**WHAT YOU SHOULD DO**
Output the listing exactly as written, apart from its pictures.

==== RECORDED INFORMATION

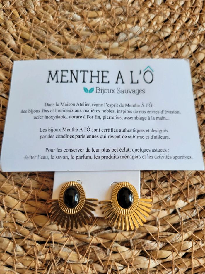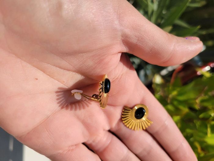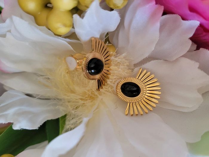 Clips d oreilles 👂 non percées. Acier inoxydable gold, hypoallergenique. Onyx : Ancré les personnes inconstante, atténue les peurs, l inquiétude, protection. Neufs, Collier de la même collection dispo.... Livre dans 1 pochette Envoi sous 24h_48h
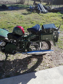 Moto restaurata anni fa', motore rifatto,cromature ottime, tutto in buono stato con documenti,ma radiata d'ufficio.in dotazione di serie, radio ricetrasmittente,sirena e altro . Immatricolazione militare anni cinquanta.
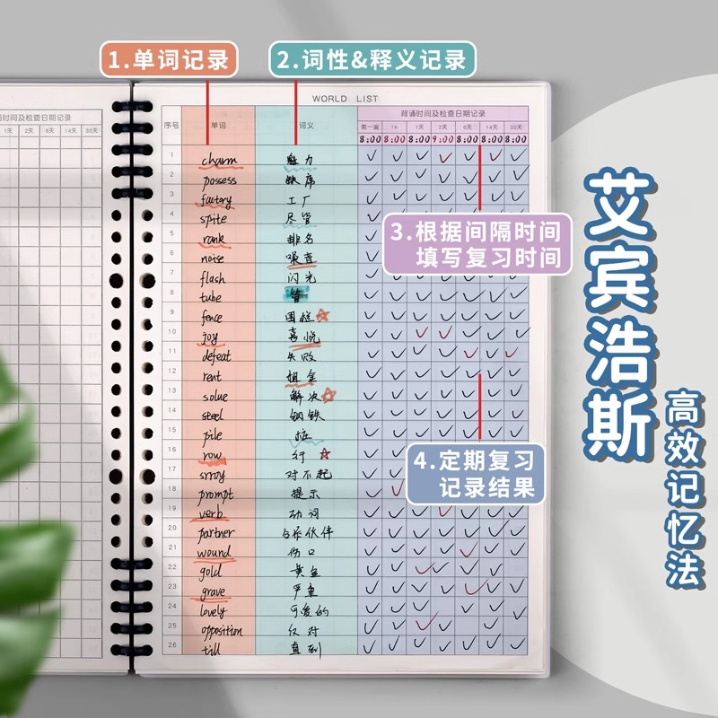 活页英语单词本艾宾浩斯高初中生专用3500艾兵浩斯遗忘曲线四六级雅思考研记忆本背英文日韩德语专升本小学生

========

**YOUR RESPONSE**
 Clips d oreilles 👂 non percées. Acier inoxydable gold, hypoallergenique. Onyx : Ancré les personnes inconstante, atténue les peurs, l inquiétude, protection. Neufs, Collier de la même collection dispo.... Livre dans 1 pochette Envoi sous 24h_48h
 Moto restaurata anni fa', motore rifatto,cromature ottime, tutto in buono stato con documenti,ma radiata d'ufficio.in dotazione di serie, radio ricetrasmittente,sirena e altro . Immatricolazione militare anni cinquanta.
 活页英语单词本艾宾浩斯高初中生专用3500艾兵浩斯遗忘曲线四六级雅思考研记忆本背英文日韩德语专升本小学生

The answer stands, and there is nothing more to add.